Part II is the most exciting year of the Computer Science Tripos. There are around twenty-five lecture courses ranging over, and sometimes beyond, the full spectrum of computer science. The courses go deep into the details of the subject.

The specialisation of each Part II course means that there are often very few experts in the field in Cambridge. There is thus a lack of available supervisors for many of the Part II courses. With this in mind, in 1998, the colleges collectively asked the Laboratory if it could undertake to co-ordinate Part II supervision arrangements and to arrange alternative provision for courses for which there were too few (in a few cases, no) supervisors.

What does the Laboratory do?

You can expect that, for each course, the lecturer and the student administration office will between them arrange some form of auxiliary teaching to supplement the lectures and printed notes. We will try to provide supervision where it is at all possible. Auxiliary teaching will take different forms depending on the type of course and the number of expert supervisors available.

You can expect to see all of the following types of auxiliary teaching during the year:

Supervision usually in a group of three (occasionally pairs) You will be sent a link from Student Admin to an electronic sign up sheet on the day of the third lecture, and you will be able to choose your supervision partners. The sign up sheets are open for three days and the day after the closing date (or as soon as possible), you will be sent details of your supervision group and can arrange your first supervision. You should liase with your group to produce a list of dates and times you can all do, and then contact your supervisor with this list. Supervision Rooms can be booked directly with the Computer Laboratory Reception.

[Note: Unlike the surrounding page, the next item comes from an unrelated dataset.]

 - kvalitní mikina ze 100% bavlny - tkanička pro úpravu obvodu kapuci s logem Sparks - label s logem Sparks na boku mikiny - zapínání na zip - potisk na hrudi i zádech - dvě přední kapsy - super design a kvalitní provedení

It is important that only students who want supervision in that area sign up for it. To prevent abuse of the system, college directors of studies will be informed if any students miss supervisions without notiying their supervisor in advance.

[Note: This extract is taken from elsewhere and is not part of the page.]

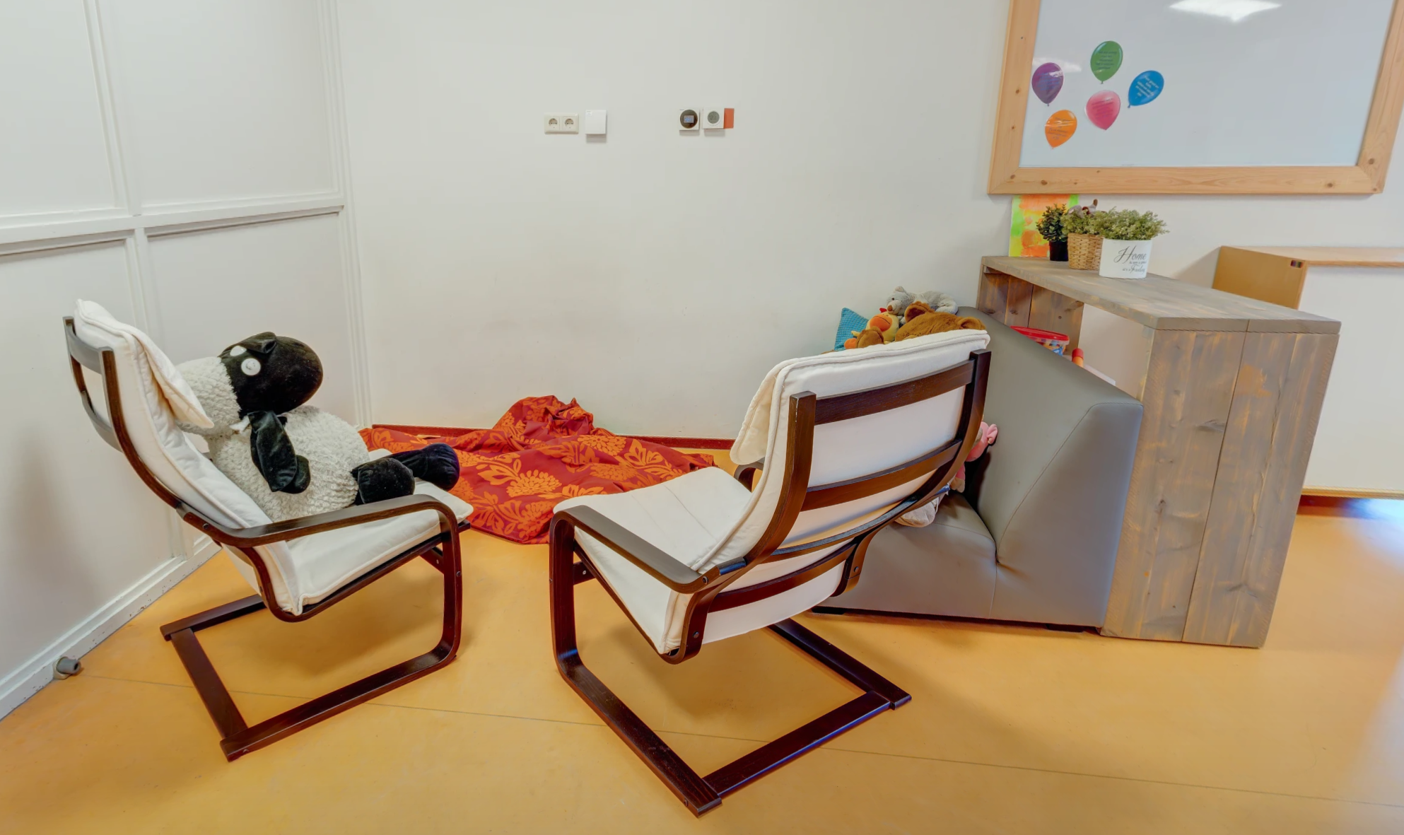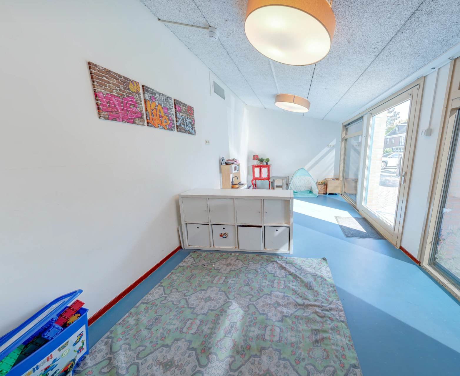 - Aparte buitenruimte waar de kinderen zich kunnen uitleven, met picknicktafel, zandbak en krijtborden.

Marked supervision work. On some courses, exercises will be set which will be formally marked and returned to you. This work will not count towards your exam mark but will, obviously, be useful in helping you to assess your progress. Some courses may combine such set work early in the course with supervision toward the end of the course.

Examples classes. On some courses the lecturer will run examples classes. These are similar to lectures but run on more informal lines. They will either run as part of the lecture course or run in parallel in the afternoons. In these classes the lecturer may go through example problems (which will usually be set in advance so that you get a chance to do them before the class), answer questions, and/or clarify things which were unclear in the lectures.

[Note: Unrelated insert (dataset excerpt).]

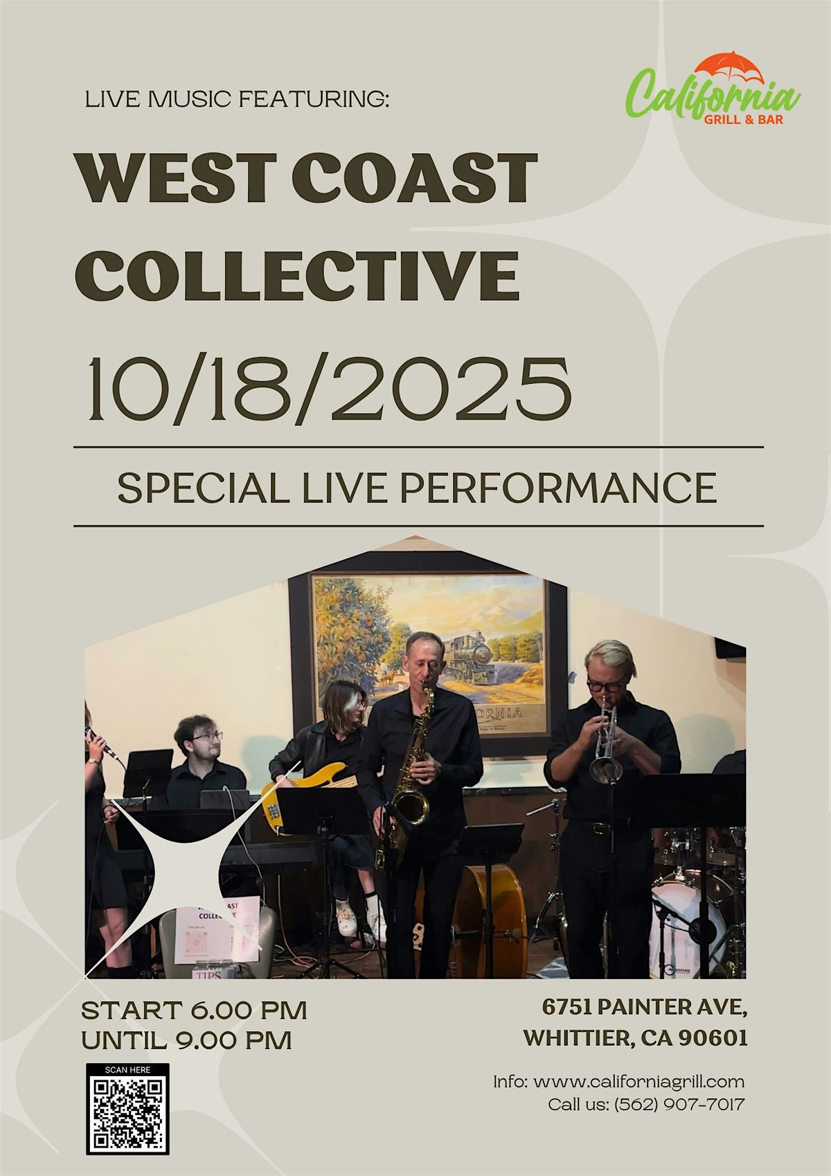 Get ready for an unforgettable night of great food, drinks, and live music! Join us at California Grill & Bar this Saturday, October 18th at 6 PM for an amazing performance by West Coast Collective β bringing you smooth grooves, soulful vibes, and high-energy tunes all evening long! πΈπ€

Informal help. The lecturers are always pleased to stay on after the end of the lectures to answer questions and to discuss things further.

The sign-up procedure

We expect the following procedure to be followed by supervisors and students.

Before the day of the third lecture:

Supervisors: Prepare work for students to do and allocate spaces in your diary for your expected number of supervision groups.

Students: Decide whether or not you are serious about this course and wish to have supervisions in this area.

On the day of the third lecture:

Students: Sign up for supervisions via the electronic sign up sheets sent to you from Student Admin. When you are notified of your group, liase together to generate a list of convenient dates and times to hold your first supervision and inform your supervisor of these times.

Supervisors: On receiving an e-mail from students, send them the first set of work and arrange a mutually convenient time for the first supervision.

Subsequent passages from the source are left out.